[M3devel] cm3 does not support Scan.LongInt

Sun Dec 15 16:40:26 CET 2013

On 12/14/2013 04:45 AM, Elmar Stellnberger wrote:
> Converting my automaton simulator I have just discovered that there is no Scan.LongInt though there is a Fmt.LongInt.
> Would anyone mind this to fix in the main trunk?
>
> Also I hope that there will be a ready-to-use GUI as soon as I will come into implementing the GUI part of the simulator.
> I had a superfluous look at Modula-3 Qt but I am not yet sure on how the signal concept was mapped onto Modula-3.
> How do I f.i. listen to a 'pressed' signal on a QPushButton?
> There is no 'pressed' method or procedure variable in the QAbstractButton interface which I could override.
> Daniel, could you have a look at it? At worst the Qt port could be infunctional (Sorry, I haven`t tried that yet.).
> Also I believe a full integration of Randys Trestle port could give us an additional backup if something did not work with the Qt port.
>
> and: Concerning the widechar support, 16bit characters will just be fine for Qt as it does internally use UTF-16 and thus UTF-16 character arrays can be directly converted into a QString. So if we would choose to introduce a 32bit character type I would give it another name like f.i. UCHAR in order not to break code that does rely on the current 16bit character width.
>
> Elmar
>

Just to be sure you understand, Modula-3 arrays of current-sized WIDECHAR
are not UTF-16 character arrays.  The former can only represent characters
whose code points are <= 16_FFFF.  UTF-16 encodes up to 16_10FFFF, by using
two 16-bit code units for one character in the upper part of the range.
This also means that the codes in the two code units are surrogates
(16_D800..16_DFFF) and cannot be used as unencoded characters.
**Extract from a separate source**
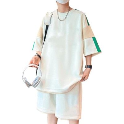 Men's T-shirt 2-piece suit summer Hong Kong style loose casual sports shorts set

For output, you could deal with this by just avoiding putting any surrogate
values into a WIDECHAR (and, of course, no values beyond 16_FFFF, since they
won't fit).  But for input, any correctly implemented library that gives you
UTF-16 strings could contain these, and probably you can't prevent that, because
they can come all the way from a human user.

So you would have to treat the WIDECHARs as code units, not code points, and
write your own decoder.  But then you would need a type to hold the decoded
values, and WIDECHAR is not big enough, so it would have to be INTEGER or a
subrange, and now you can't use the literals without conversions.  Moreover,
you can't use TEXT, with its easy-to-use functional style implementation of
various string operations.  I suppose you could write it so it just rejects
or replaces high-valued code points at the decode stage and tell your users
they can't use these characters.

Or, you could just assume neither your application nor your users will ever
need to use codes where 16-bit WIDECHAR and UTF-16 differ, and let it be buggy,
if the assumption is ever violated.

Also, does your preferred GUI allow you to specify that the UTF-16 strings
you give it and get from it always have little endian code units, regardless
of the native endianness of the machine?  This is the way Modula-3 WIDECHARs
work.  If not, your application would only work on little-endian machines.